[ExI] Designing and applying technology for the third world

spike spike66 at att.net
Sat Sep 25 19:31:47 UTC 2010


 > ...On Behalf Of Keith Henson

> Subject: Re: [ExI] Designing and applying technology for the 
> third world
> 
> On Sat, Sep 25, 2010 at 9:58 AM, Bryan Bishop 
> <kanzure at gmail.com> wrote:
> > ...but whenever something is made, it's patented and immediately 
> > made secret. - Bryan
> 
> Patents don't make it secret.  Quite the other way... Keith


Ja, that was my experience with the Lockheed patent office, all five times I
went to them with ideas.  They looked over my invention and specifically
decided to not patent, but to keep the ideas as trade secrets.  The patent
application throws it into the open, where any yahoo can actually get around
the patent fairly easily by deriving some minor variation on the theme.
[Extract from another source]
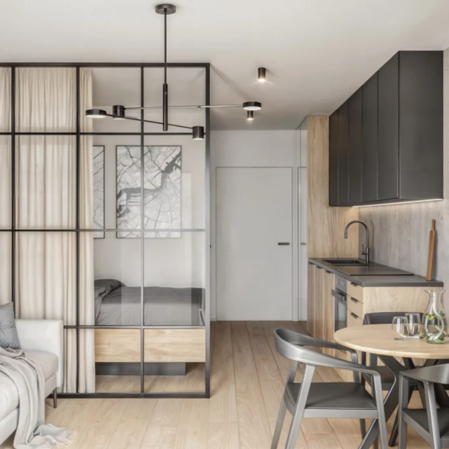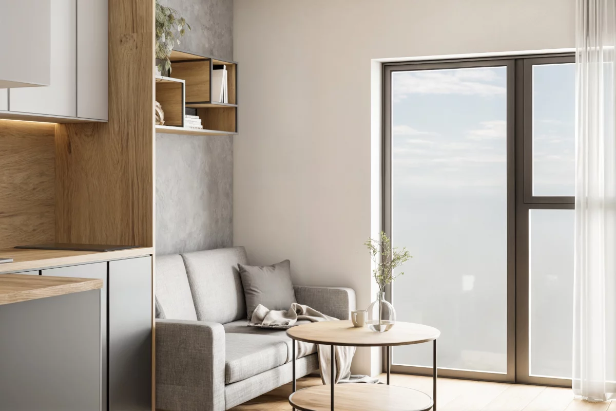 2. Dwupokojowe mieszkania o powierzchni od 19,50 m² do 32,60 m² zawierające salon z aneksem kuchennym i jadalnią oraz łazienkę. Te nieco większe przestrzenie są stworzone z myślą o dłuższym pobycie. Dedykowane są głównie parom lub młodym profesjonalistom, którzy potrzebują dodatkowej przestrzeni na domowe biuro lub dodatkowy pokój relaksu. Zapewniają większą elastyczność w aranżacji, co pozwala na lepsze dostosowanie wnętrza do indywidualnych potrzeb mieszkańców.

Patents don't mean what they used to.  If you hear the tired conspiracy
theories about oil companies buying up and shelving patents that would make
cars run on dog turds (etc) you know it is bogus.  If such a thing existed,
anyone could get a car to run on wolf turds and it would be a separate
patent.  The modern patent office has evolved in such a way that you can
patent anything, but it doesn't mean much.